Another dominant theme of the RES notebooks was Eaton’s lifetime commitment to the collection and preservation of specimens, particularly insects (Fig. 2). His growing interest in entomology is evident in the following passage, in which the teenaged Eaton paraphrased helpful instructions in The insect-hunter’s companion (Greene 1863): “Look out for a large tree standing alone in a park or meadow. The trees best suited are poplars, willows, oaks, birches, beeches, ashes and hawthorns. A tree in a light soil with the surrounding soil worn away by the feet of cattle situated by the side of a dyke or the border of a field is in the most favourable situation…Take the sod in one hand and tap it gently with the trowel and pupa with no cocoon will drop out” (Eaton 1859–1864). Eaton’s education continued at Cambridge University, where, like many others of his day, he pursued interests in theology and natural history. At the university, Eaton’s reputation as an entomologist spread with his frequent contributions to entomological journals and membership in the Entomological Society London. By age 25, Eaton had already published significantly on the taxonomy of the Ephemeroptera (mayflies) and had described several new species that are still valid today.

Northbound to Svalbard

By the summer of 1873, Eaton had completed B. A. (1868) and M. A. (1871) degrees at Cambridge and served as a vicar in Ashbourne, Derbyshire. How polar explorer Benjamin Leigh Smith (1828–1913) selected Eaton for his third expedition is unknown; it is possible that their paths crossed by way of a common circle of Cambridge scholars. What is clear is that in spring 1873, Eaton had compiled, at the request of Leigh Smith’s half-sister, the artist and feminist Barbara Bodichon (1827–1891), a list of the animal and botanical species of Svalbard (Capelotti 2013). Eaton was preparing himself for adventures farther afield for he had landed the position as “Ship’s Surgeon and General Practitioner” aboard Leigh Smith’s chartered, steam-powered schooner Diana (Fig. 3).

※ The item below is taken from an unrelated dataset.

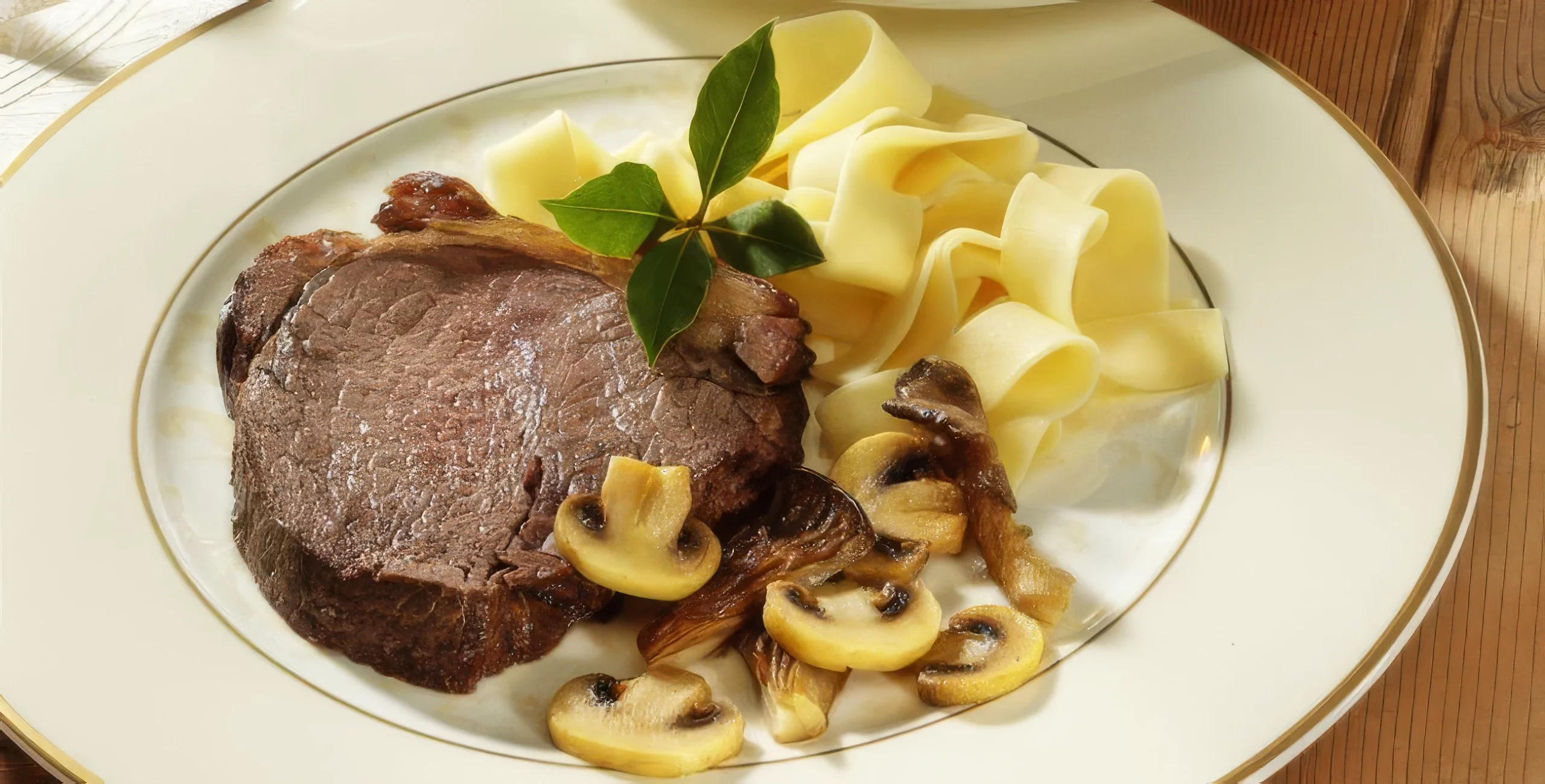 Das Fleisch mit kaltem Wasser abbrausen und trocken tupfen. Kräftig mit Salz, Pfeffer und Thymian einreiben. Das Gemüse putzen, waschen und grob zerkleinern. Die Butter in einem Bräter erhitzen, das Fleisch hinein legen und von allen Seiten scharf anbraten. Gemüse zugeben und etwas andünsten lassen. Mit Fleischbrühe angießen, Nelken, Pfefferkörner und Lorbeerblätter zugeben und alles zugedeckt etwa 2 Stunden bei 200 °C im vorgeheizten Backofen schmoren lassen, dabei mehrmals wenden. Die Nudeln nach Packungsaufschrift zubereiten. Die Pilze putzen, waschen, gut abtropfen lassen und in mundgerechte Stücke schneiden. Zwiebel und Knoblauchzehe abziehen und fein würfeln. Die Pilze in heißer Butter kurz andünsten, Zwiebel und Knoblauch zugeben und einige Minuten weiter braten. Mit Pfeffer und Salz würzen und warm stellen. Den Rinderbraten aus dem Bräter nehmen und warm stellen. Den Bratfond durch ein Haarsieb in eine Kasserolle gießen, den Wein und den cremig gerührten Schmant zugeben und die Sauce etwas einkochen lassen, dabei etwas Saucenbinder zugeben. Mit Pfeffer und Salz abschmecken. Den Braten in Scheiben schneiden und mit Pilzen, Nudeln und Sauce servieren.

On 10 May 1873, Diana left the docks of Dundee for a summer of exploration in Svalbard, where her mission was two-fold: to carry relief supplies to a Swedish expedition stranded in Mosselbukta, northernmost Svalbard, and to complete a geographical and scientific survey of the remote northern edges of the archipelago. Its ship appropriately named in honour of the Roman goddess of wild animals, and the hunt, the Leigh Smith expedition was, like most of its day, underwritten by a large-scale hunt. Leigh Smith and his companions “zealously devoted themselves to the cultus of our mythological patroness, and left to my care the miscellany of Natural History” (Eaton 1873: 3762).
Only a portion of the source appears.